There's a couple nice things about seeing a particular publisher's catalogue. You can anticipate what's coming up and occasionally choose books that might not appear to be anything to do with our remit.

We do occasionally steer a recommendation towards particular non-fiction books if they are to help writers with some area of research or provide other such insights. This book tends to fall under these two categories as it shows how the white immigrants to America cheated, connived and murdered to take the land from the Native Americans. Resistance really was futile in a way that would have made the Borg blush with the ways it was done.

The Mammoth Book Of Native Americans edited by Jon E. LewisIt is a demonstration of how poor a treatment man can give to man ranging from biological warfare, generously handing out blankets contaminated with smallpox, to outright near-genocide with tribe removals to reservations, despite contractual promises.

It is hardly a chapter of American history that the US people should feel proud about and certainly nothing to do with liberty or rights of the individual.
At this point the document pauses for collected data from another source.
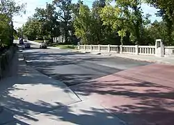 The Maple Street Overpass is a historic bridge in Fayetteville, Arkansas. The bridge carries West Maple Street over the railroad tracks running just east of the University of Arkansas at Fayetteville campus. It is a reinforced concrete single-span arch, 60 feet (18 m) in length and 25 feet (7.6 m) in width. The bridge has a decorative Art Deco balustrade with inset lights on both sides. The bridge was designed by regional bridge designer Frederick Lutt Johann, and built in 1936.[2]
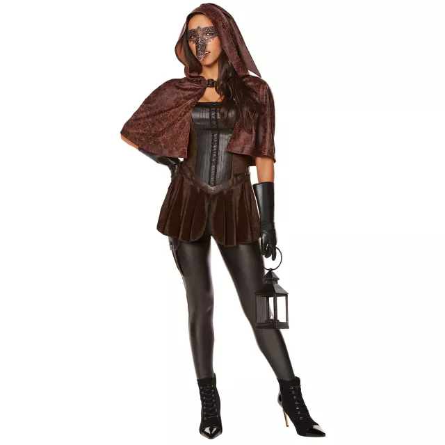 The plague doctor is in! This plague doctor costume features a brown hooded cape that adds an element of mystery to your foreboding look. A corset-style top features a faux leather bodice with rich, dark brown velvet accents and a flared bottom. Faux leather pants with a hint of stretch, black gloves, and a metallic bronze-colored face mask complete this thrilling style!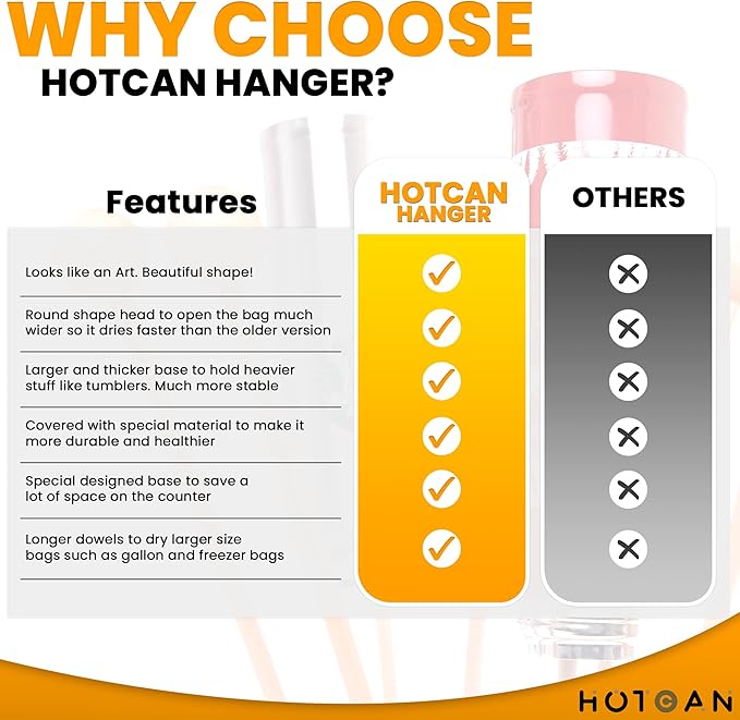 • Special Knob Design: The Knob On Each Dowel Opens The Bag Much Wider So That The Bags Dry Much Faster Than Older Version Dryer Racks. Your Bags Will Dry In A Blink! And You Can Dry 8 Gallon Or Freezer Bags Simultaneously!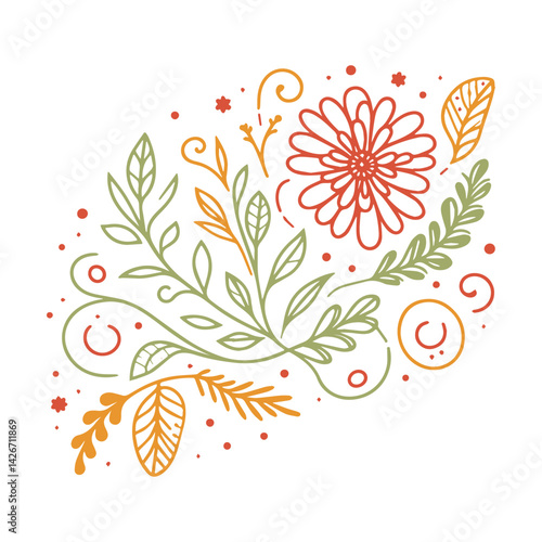 elegant floral line drawing pattern with minimal one line flowers and ornate leaf textures for contemporary cushion covers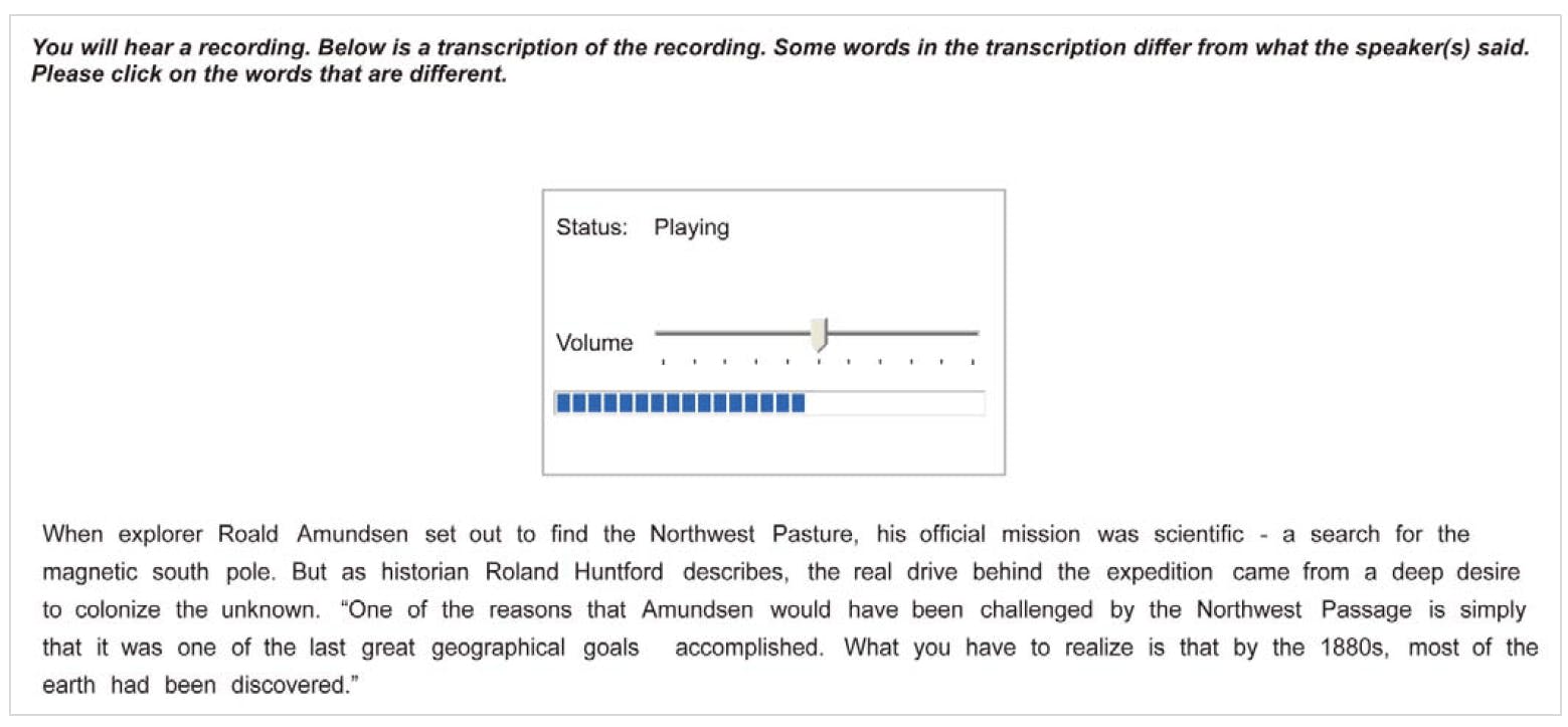 این بخش از لیسنینگ PTE بسیار ساده می باشد. که البته نمره به نسبت خوبی هم برای ریدینگ و لیسنینگ به ما می دهد. در این بخش یک متن وجود دارد که گوینده از روی متن برای ما روخوانی می کند. هر کلمه ای از متن را که متفاوت گفت باید روی آن کلمه کلیک کنیم. در واقعا کلمه نادرست را هایلایت کنیم.

The history of the decline of the Native Americans is a lesson to be learnt from as not only a demonstration of extreme prejudice from some individuals but it has invariably been used as a metaphor in SF on occasion.

If you are choosing to take this route, then seeing a real life example in a book such as this should be in your collection. You might not look at your fellow man with quite the same eye again afterwards let alone in the things you write but it will invariably add significant dimension to your work if you write. As to you non-writers, should you want to read this book? Very probably.

This warts and all treatment is a sharp contrast to the media depiction of the old American West that still needs to be laid to rest. I came away from this book feeling very angry. Nothing can change the past but it should also inform sufficiently so nothing like this ever happens again no matter the world you live on.